● Dataset excerpt
--------------------------------

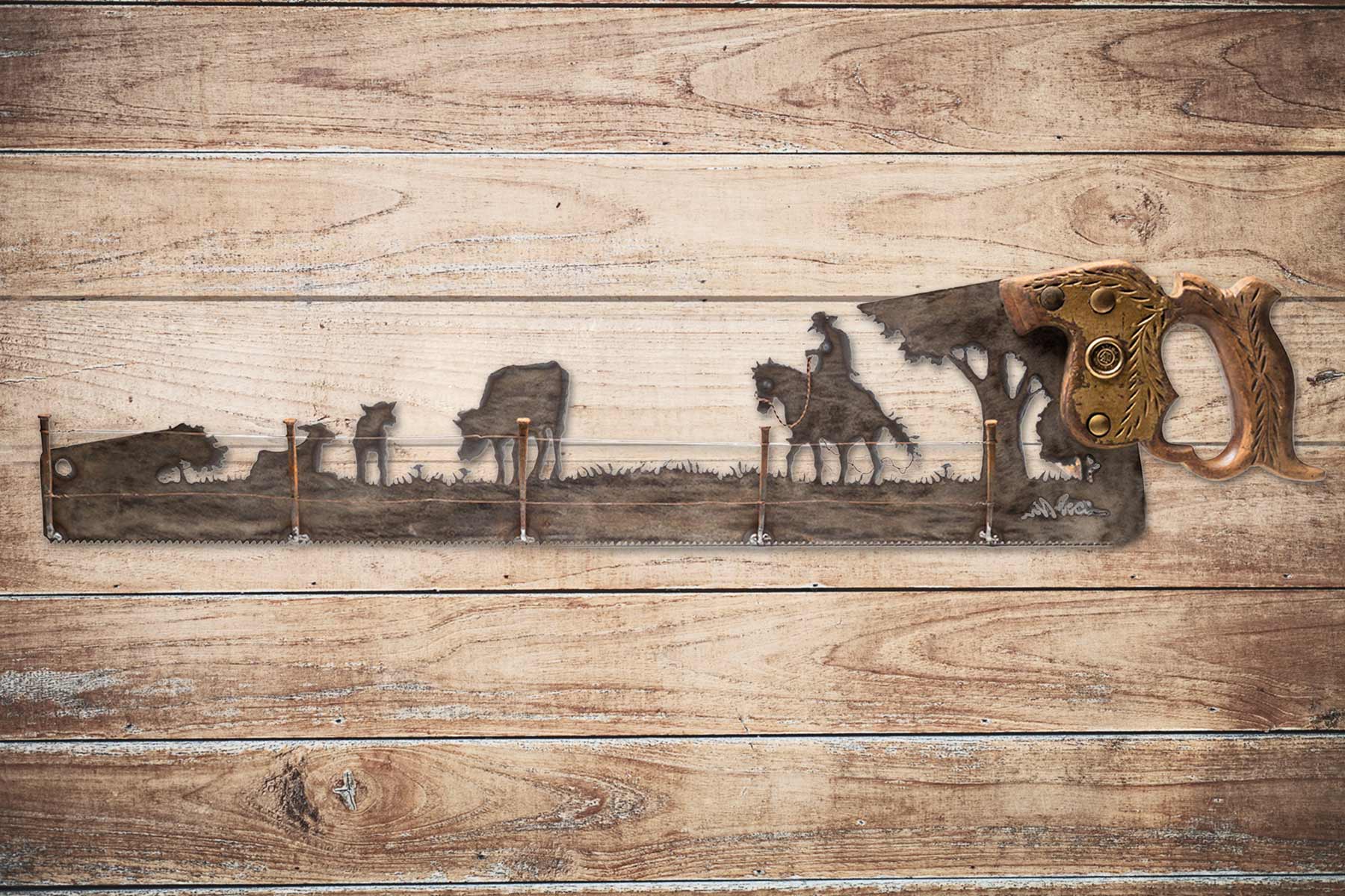 This handsaw featuring COWS, ALONG WITH A COWBOY AND HORSE – WITH A HANDMADE FENCE and is a great, unique gift for friend or yourself! Perfect metal art gift for the rancher in your life!
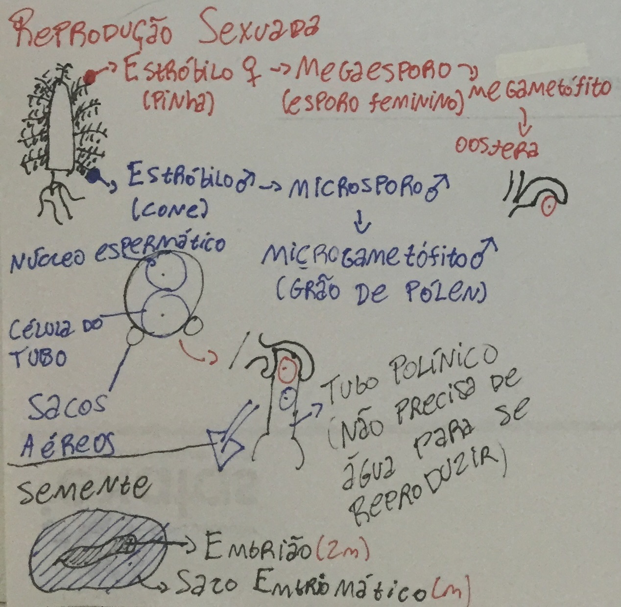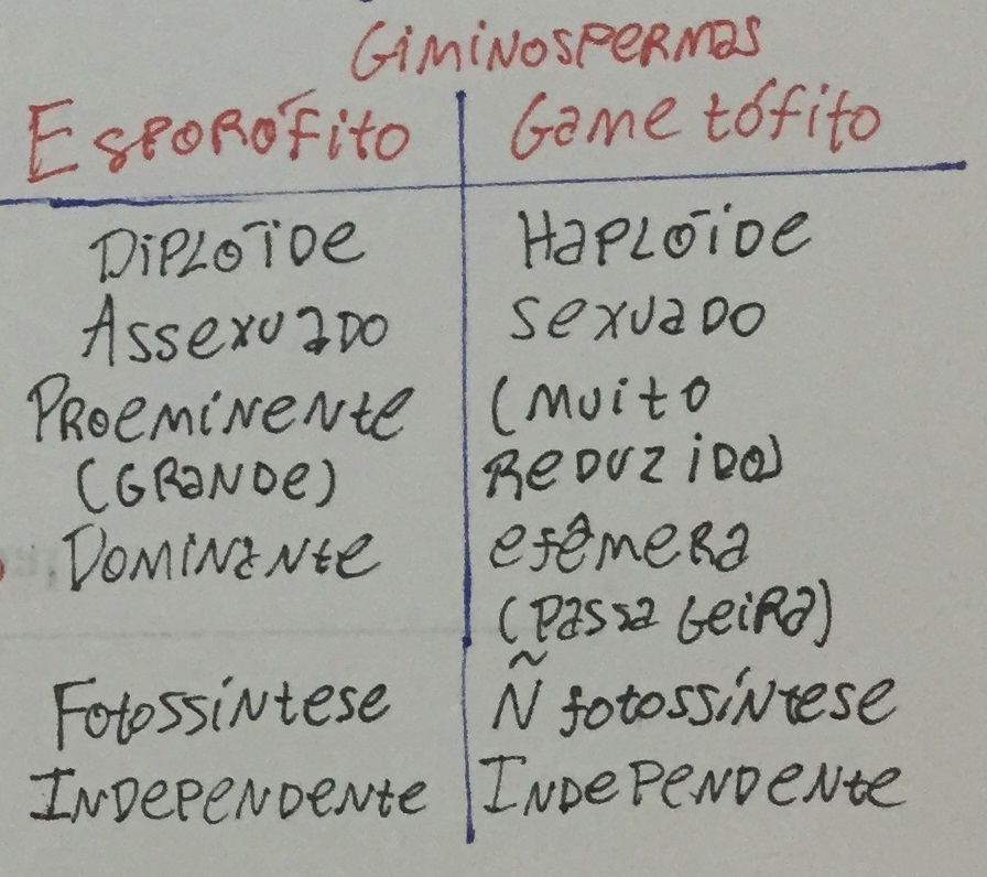 Quais são as diferenças entre o esporófito e o gametófito das giminospermas?
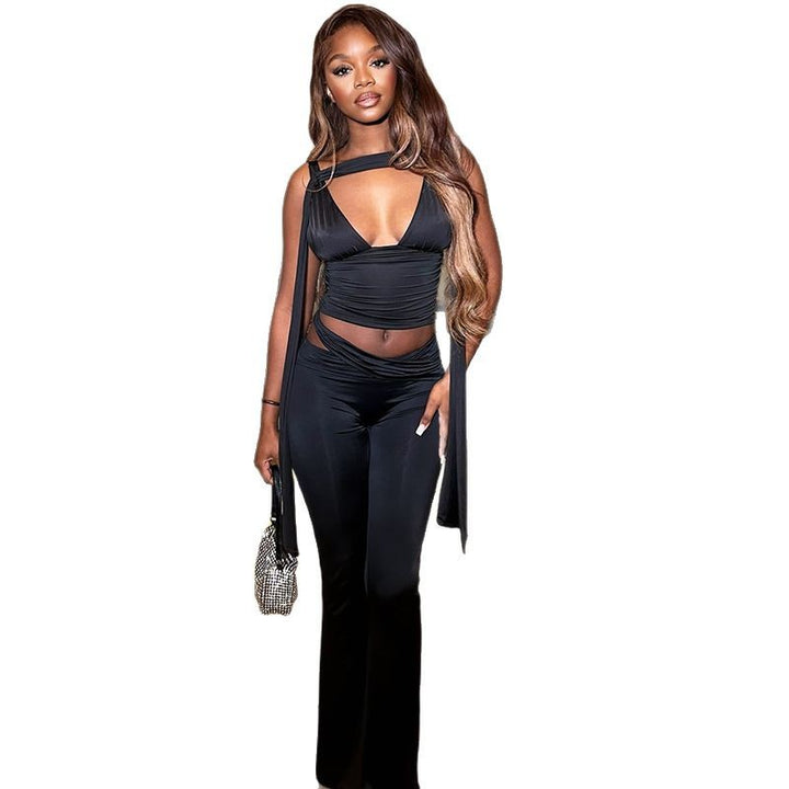 European and American style casual sports women's clothing exposed navel sexy solid color pants set V-neck top slim trousers set
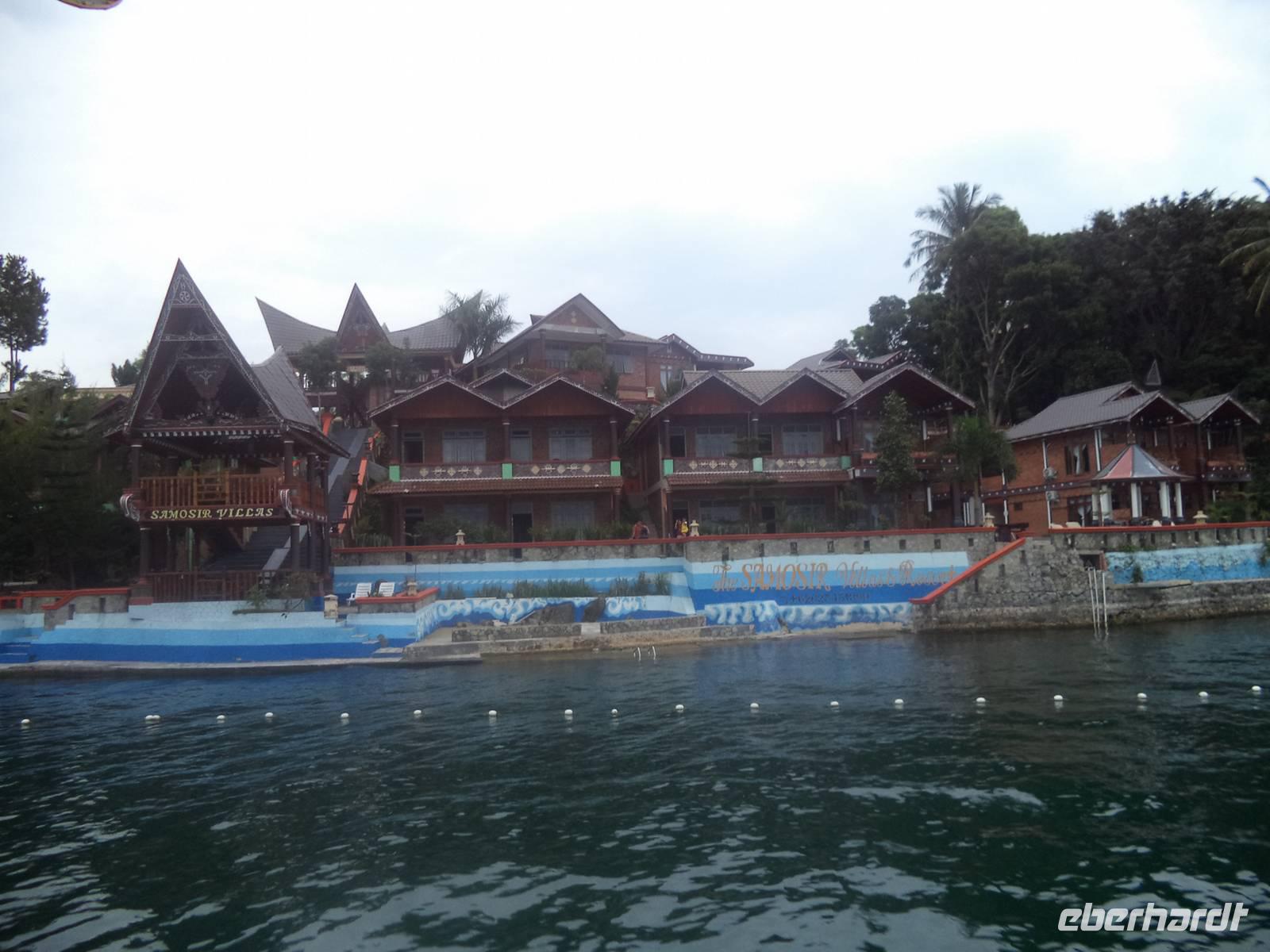Nachmittags waren wir dann im Städtchen Parapat angekommen, einem der Fährorte und Anleger für Fahrten über den Tobasee Parapat am Tobasee. Der Bus wurde entladen und der Fahrer und sein Helfer bereiteten sich darauf vor, uns erst am übernächsten Tag wiederzusehen, da der Bus mangels Transportmöglichkeit und wegen der engen Straßen dort nicht mit zur Insel Samosir durfte. Gepäckträger luden unsere Koffer auf das Boot und wir fuhren entspannt etwas mehr als eine Stunde über den See. Dann konnten wir direkt am Hotel „Samosir Villas" an Land gehen, das einen herrlichen Anblick bereits vom Wasser bietet. Das Hotel hat sein eigenes Ambiente und die herrlich geräumigen, schön eingerichteten Zimmer waren eine wirkliche positive Überraschung. Es blieb Freizeit - zum, Beispiel zur Entspannung an einem der beiden Pools oder auch einem Bad im Tobasee - bis wir uns zum Abendessen zusammenfanden, nach dem es noch mitreißende Live-Musik im Stil und mit Liedern der Batak und eine Tanzvorführung gab.

--------------------------------

● Problem requirements
Copy needed, without pictures: the lines of the listing above from the line containing "Quais são as" up to and including the line containing "European and American", set down exactly.

● Exercise output
 Quais são as diferenças entre o esporófito e o gametófito das giminospermas?
 European and American style casual sports women's clothing exposed navel sexy solid color pants set V-neck top slim trousers set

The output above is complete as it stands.